* _Exercise prompt_: Pictures should be left out when the listing below is repeated word for word.

* _Data segment_:
━━━

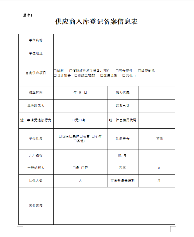 關(guān)于公開征集供應(yīng)商入庫的公告
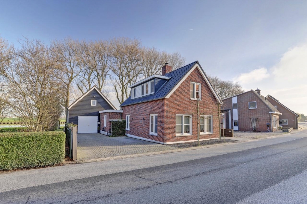 Aan de voorzijde van de woning kijkt u eveneens uit over vrij polderlandschap. Aan alle kanten ervaart u ruimte, rust en natuur.
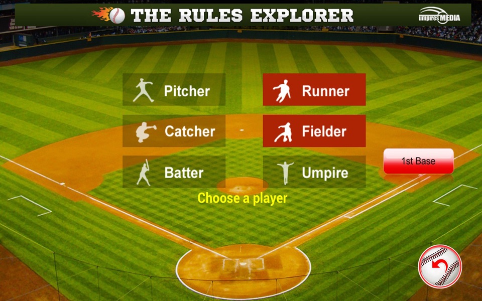 Select a field position and the player involved to get a short set of video baseball rules explanations. Simple as that--no more leafing through a baseball rule-book and guessing at the interpretation.
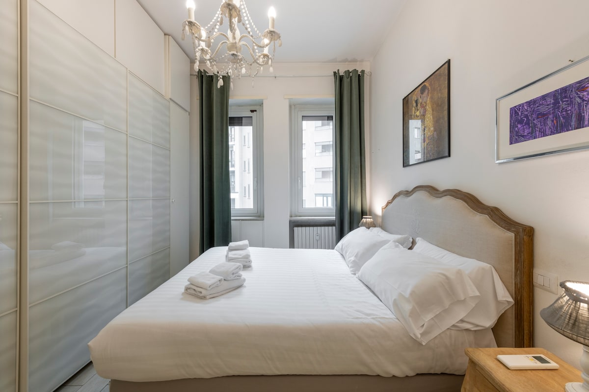 In the heart of Brera, few steps from Piazza Gae Aulenti, home to the Vertical Forest, close to fashion street Monte Napoleone, the Milanese shopping area, we offer this beautiful typical apartment. Two bedrooms with bathroom in suite, large living room overlooking Santa Maria Incoronata church, fully equipped kitchen with all comforts and large dining area. Fast WI-FI, Smart TV, confortable working area, air conditioning, even medium-long periods

━━━

* _Exercise solution_:
 關(guān)于公開征集供應(yīng)商入庫的公告
 Aan de voorzijde van de woning kijkt u eveneens uit over vrij polderlandschap. Aan alle kanten ervaart u ruimte, rust en natuur.
 Select a field position and the player involved to get a short set of video baseball rules explanations. Simple as that--no more leafing through a baseball rule-book and guessing at the interpretation.
 In the heart of Brera, few steps from Piazza Gae Aulenti, home to the Vertical Forest, close to fashion street Monte Napoleone, the Milanese shopping area, we offer this beautiful typical apartment. Two bedrooms with bathroom in suite, large living room overlooking Santa Maria Incoronata church, fully equipped kitchen with all comforts and large dining area. Fast WI-FI, Smart TV, confortable working area, air conditioning, even medium-long periods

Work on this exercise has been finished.